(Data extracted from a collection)
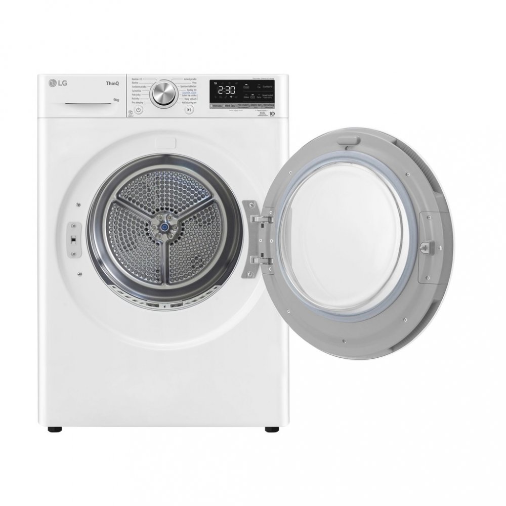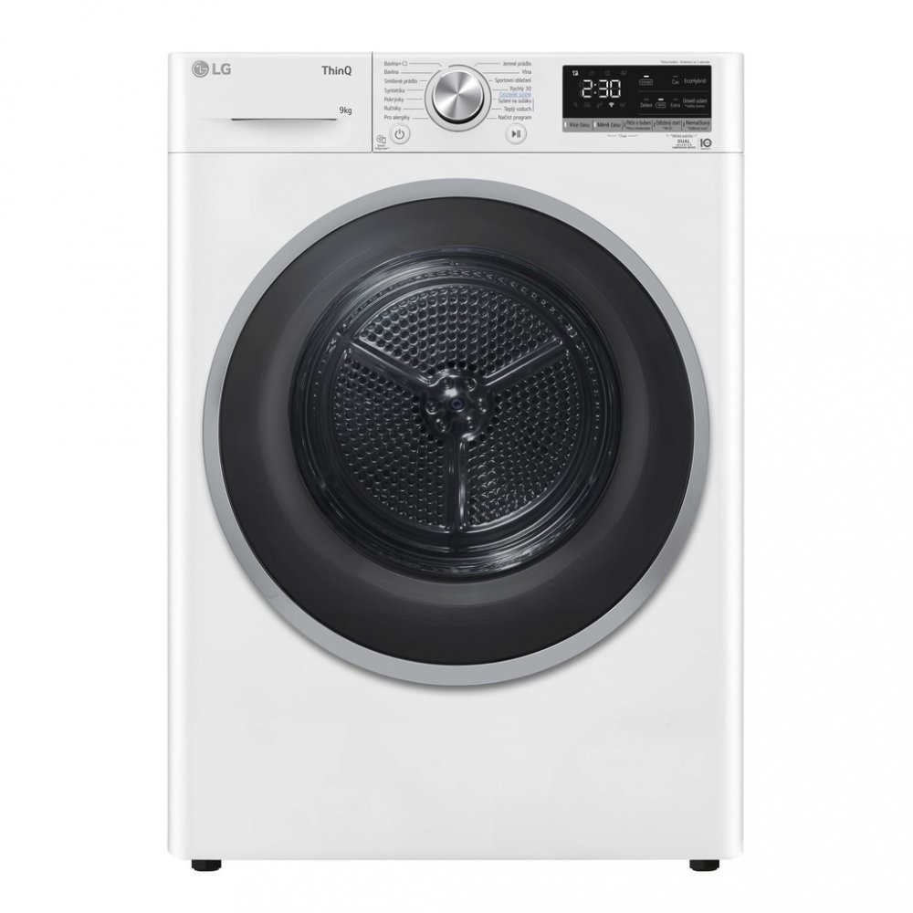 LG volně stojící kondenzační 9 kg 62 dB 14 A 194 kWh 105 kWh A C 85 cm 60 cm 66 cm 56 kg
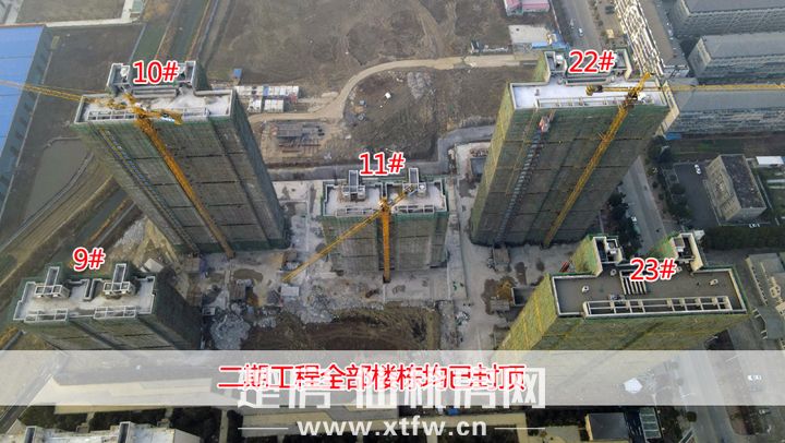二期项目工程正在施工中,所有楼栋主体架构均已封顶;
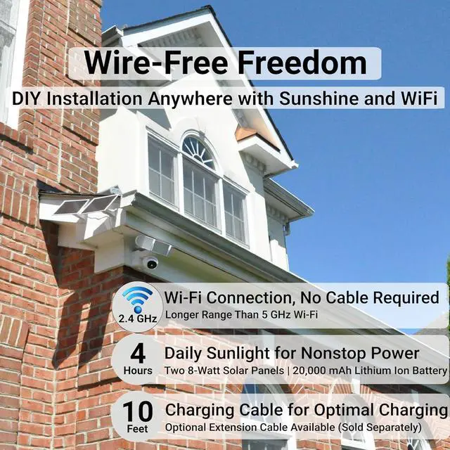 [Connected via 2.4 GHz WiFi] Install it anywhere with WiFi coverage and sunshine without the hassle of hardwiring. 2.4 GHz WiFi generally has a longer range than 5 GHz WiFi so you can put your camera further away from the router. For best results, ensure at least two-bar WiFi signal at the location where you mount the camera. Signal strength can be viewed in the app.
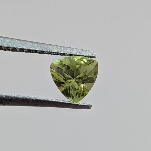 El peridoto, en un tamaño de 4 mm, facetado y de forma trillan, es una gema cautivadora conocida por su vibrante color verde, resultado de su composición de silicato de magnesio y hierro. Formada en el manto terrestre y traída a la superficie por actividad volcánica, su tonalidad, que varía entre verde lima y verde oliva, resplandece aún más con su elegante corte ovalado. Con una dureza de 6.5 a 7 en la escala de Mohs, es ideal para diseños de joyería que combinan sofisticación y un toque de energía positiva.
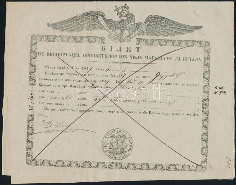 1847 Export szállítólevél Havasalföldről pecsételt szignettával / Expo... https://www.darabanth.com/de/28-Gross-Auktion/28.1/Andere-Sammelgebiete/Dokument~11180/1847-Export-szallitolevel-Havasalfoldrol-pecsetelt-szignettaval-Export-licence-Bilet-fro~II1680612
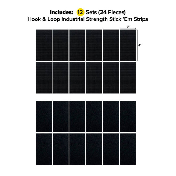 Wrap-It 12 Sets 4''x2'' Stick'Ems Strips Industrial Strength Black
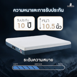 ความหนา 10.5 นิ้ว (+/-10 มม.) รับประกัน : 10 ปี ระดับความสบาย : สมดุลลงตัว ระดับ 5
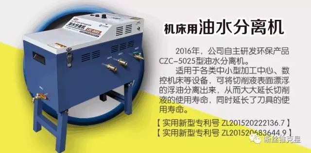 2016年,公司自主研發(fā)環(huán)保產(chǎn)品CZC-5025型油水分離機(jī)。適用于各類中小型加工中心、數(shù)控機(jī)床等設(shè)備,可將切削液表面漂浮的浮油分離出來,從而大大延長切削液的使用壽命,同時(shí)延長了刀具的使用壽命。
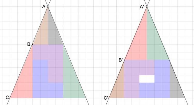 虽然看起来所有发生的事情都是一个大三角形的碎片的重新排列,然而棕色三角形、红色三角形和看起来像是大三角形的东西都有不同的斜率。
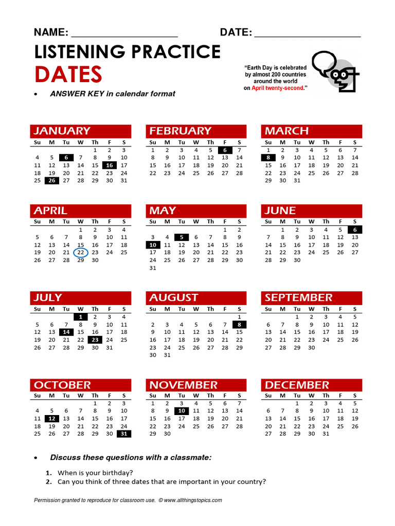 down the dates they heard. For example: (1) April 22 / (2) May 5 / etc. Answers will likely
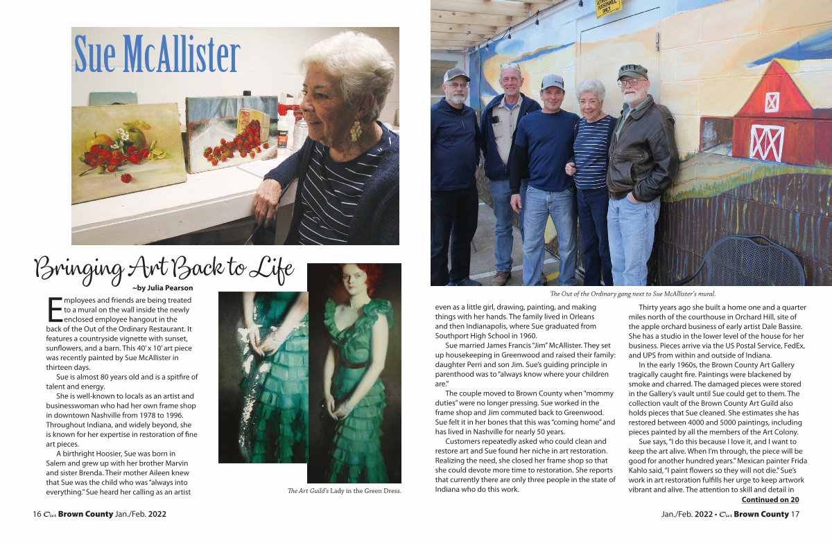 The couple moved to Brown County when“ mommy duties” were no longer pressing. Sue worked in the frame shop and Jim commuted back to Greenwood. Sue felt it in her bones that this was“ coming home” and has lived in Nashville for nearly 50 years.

- [DIRECTIONS FOR THIS TASK]: The full set of entries should be transcribed exactly, pictures left aside.

- [ANSWER TO THIS EXERCISE]:
 LG volně stojící kondenzační 9 kg 62 dB 14 A 194 kWh 105 kWh A C 85 cm 60 cm 66 cm 56 kg
二期项目工程正在施工中,所有楼栋主体架构均已封顶;
 [Connected via 2.4 GHz WiFi] Install it anywhere with WiFi coverage and sunshine without the hassle of hardwiring. 2.4 GHz WiFi generally has a longer range than 5 GHz WiFi so you can put your camera further away from the router. For best results, ensure at least two-bar WiFi signal at the location where you mount the camera. Signal strength can be viewed in the app.
 El peridoto, en un tamaño de 4 mm, facetado y de forma trillan, es una gema cautivadora conocida por su vibrante color verde, resultado de su composición de silicato de magnesio y hierro. Formada en el manto terrestre y traída a la superficie por actividad volcánica, su tonalidad, que varía entre verde lima y verde oliva, resplandece aún más con su elegante corte ovalado. Con una dureza de 6.5 a 7 en la escala de Mohs, es ideal para diseños de joyería que combinan sofisticación y un toque de energía positiva.
 1847 Export szállítólevél Havasalföldről pecsételt szignettával / Expo... https://www.darabanth.com/de/28-Gross-Auktion/28.1/Andere-Sammelgebiete/Dokument~11180/1847-Export-szallitolevel-Havasalfoldrol-pecsetelt-szignettaval-Export-licence-Bilet-fro~II1680612
 Wrap-It 12 Sets 4''x2'' Stick'Ems Strips Industrial Strength Black
 ความหนา 10.5 นิ้ว (+/-10 มม.) รับประกัน : 10 ปี ระดับความสบาย : สมดุลลงตัว ระดับ 5
 2016年,公司自主研發(fā)環(huán)保產(chǎn)品CZC-5025型油水分離機(jī)。適用于各類中小型加工中心、數(shù)控機(jī)床等設(shè)備,可將切削液表面漂浮的浮油分離出來,從而大大延長切削液的使用壽命,同時(shí)延長了刀具的使用壽命。
 虽然看起来所有发生的事情都是一个大三角形的碎片的重新排列,然而棕色三角形、红色三角形和看起来像是大三角形的东西都有不同的斜率。
 down the dates they heard. For example: (1) April 22 / (2) May 5 / etc. Answers will likely
 The couple moved to Brown County when“ mommy duties” were no longer pressing. Sue worked in the frame shop and Jim commuted back to Greenwood. Sue felt it in her bones that this was“ coming home” and has lived in Nashville for nearly 50 years.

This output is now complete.